Leaving out the images, repeat all the lines below exactly.
Start of Dataset extract
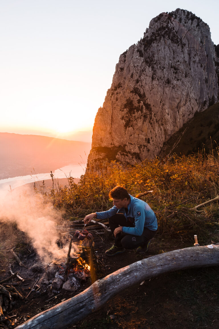 Je cuisine depuis un territoire qui m’accompagne chaque jour. Le lac d’Annecy, la baie de Talloires, les pentes du Semnoz, les forêts du Roc de Chère… Dans cet incroyable paysage alpin, chaque élément compte. La lumière bascule rapidement, l’air se densifie d’humidité, une herbe surgit au bord d’un sentier puis s’efface quelques jours plus tard. Je passe du temps dehors, à marcher, à pédaler, à observer ce que la saison rend possible. C’est souvent là que naît une idée, dans un détail presque discret.
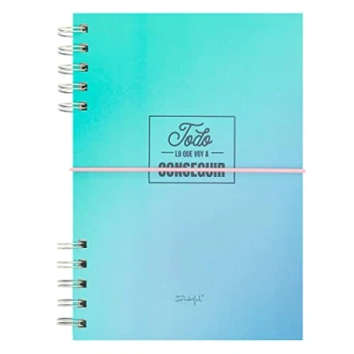 Blue A5 notebook with spiral binding. This spiral is divided into two parts, which gives it originality. It has 80 sheets of 90g paper. Interior guideline: striped. FSC certified, which guarantees that it has been manufactured with paper from responsibly managed forests.
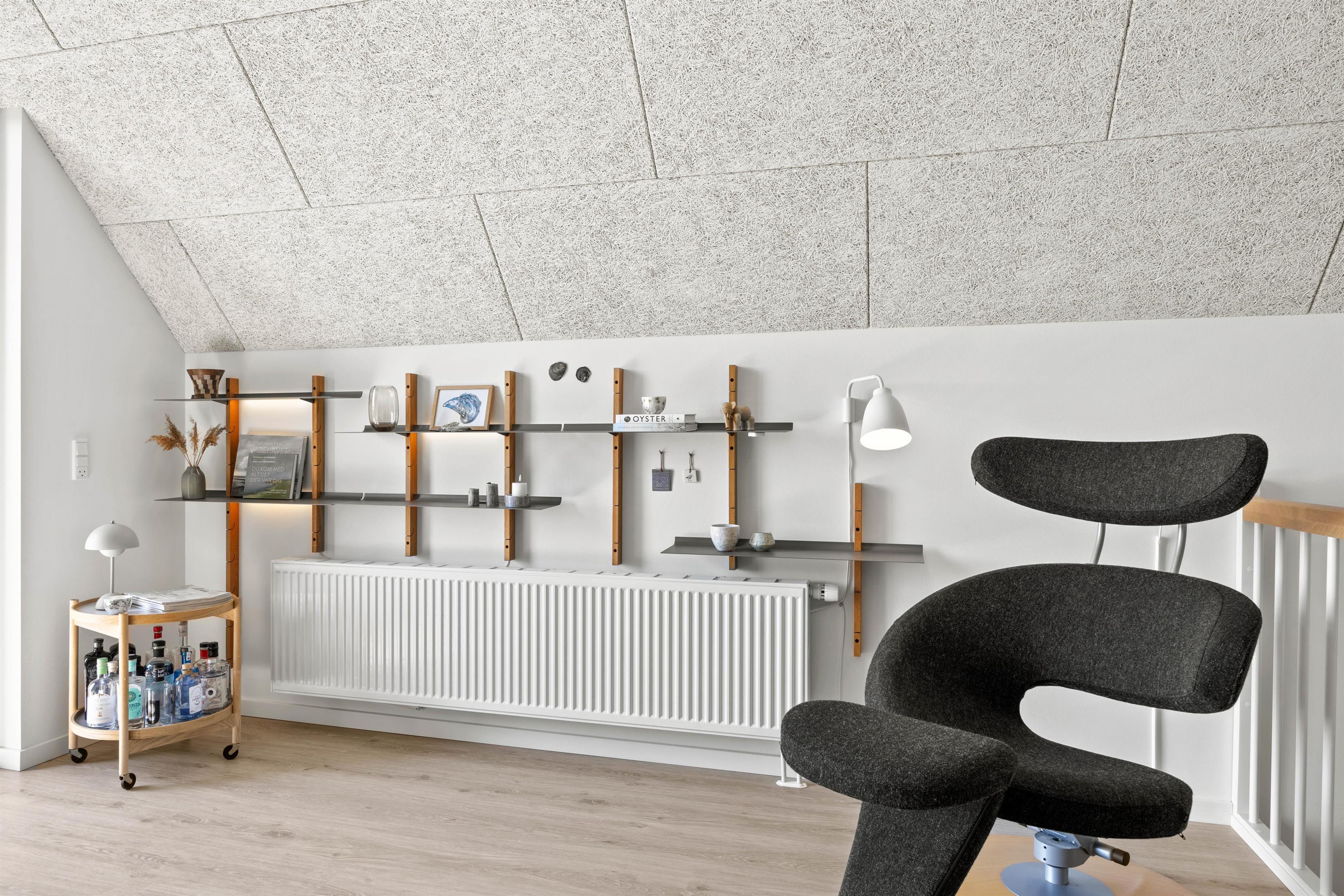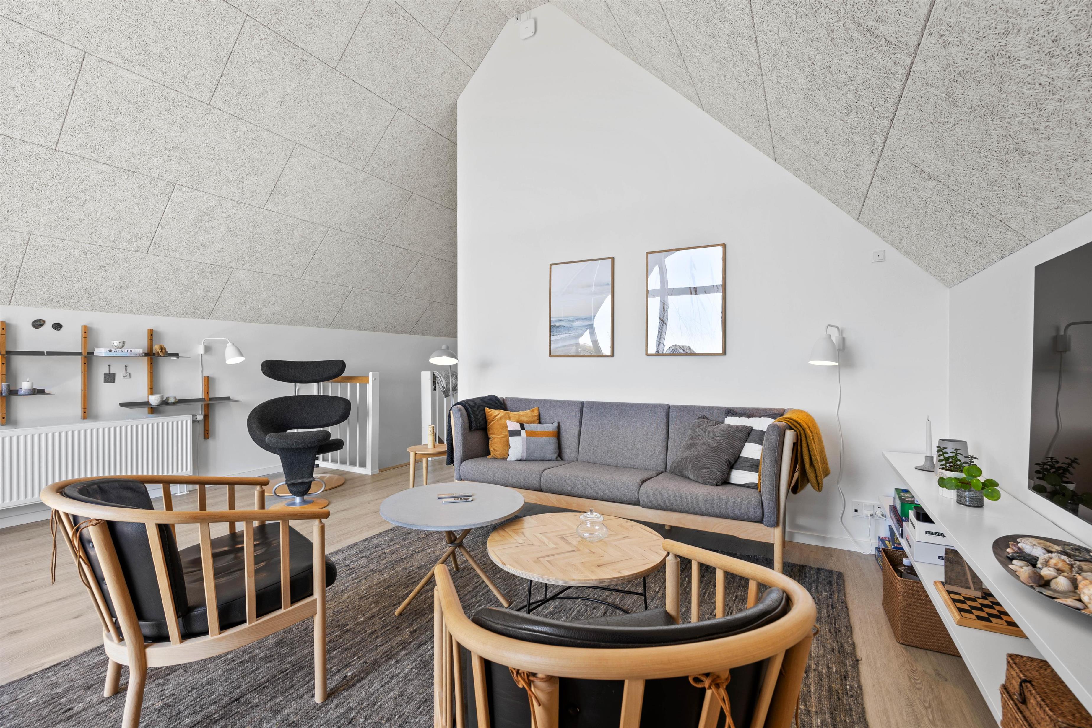 Opholdsstuen befinder sig på første sal, og er indrettet med rolige nuancer og bløde møbler, så I rigtigt kan slappe af og nyde aftenerne med en god film via Apple TV. Herfra har I ligeledes udgang til Balkonen, hvorfra I kan nyde den fantastiske udsigt udover Fanø Bad.
End of Dataset extract
=== Written answer ===
 Je cuisine depuis un territoire qui m’accompagne chaque jour. Le lac d’Annecy, la baie de Talloires, les pentes du Semnoz, les forêts du Roc de Chère… Dans cet incroyable paysage alpin, chaque élément compte. La lumière bascule rapidement, l’air se densifie d’humidité, une herbe surgit au bord d’un sentier puis s’efface quelques jours plus tard. Je passe du temps dehors, à marcher, à pédaler, à observer ce que la saison rend possible. C’est souvent là que naît une idée, dans un détail presque discret.
 Blue A5 notebook with spiral binding. This spiral is divided into two parts, which gives it originality. It has 80 sheets of 90g paper. Interior guideline: striped. FSC certified, which guarantees that it has been manufactured with paper from responsibly managed forests.
 Opholdsstuen befinder sig på første sal, og er indrettet med rolige nuancer og bløde møbler, så I rigtigt kan slappe af og nyde aftenerne med en god film via Apple TV. Herfra har I ligeledes udgang til Balkonen, hvorfra I kan nyde den fantastiske udsigt udover Fanø Bad.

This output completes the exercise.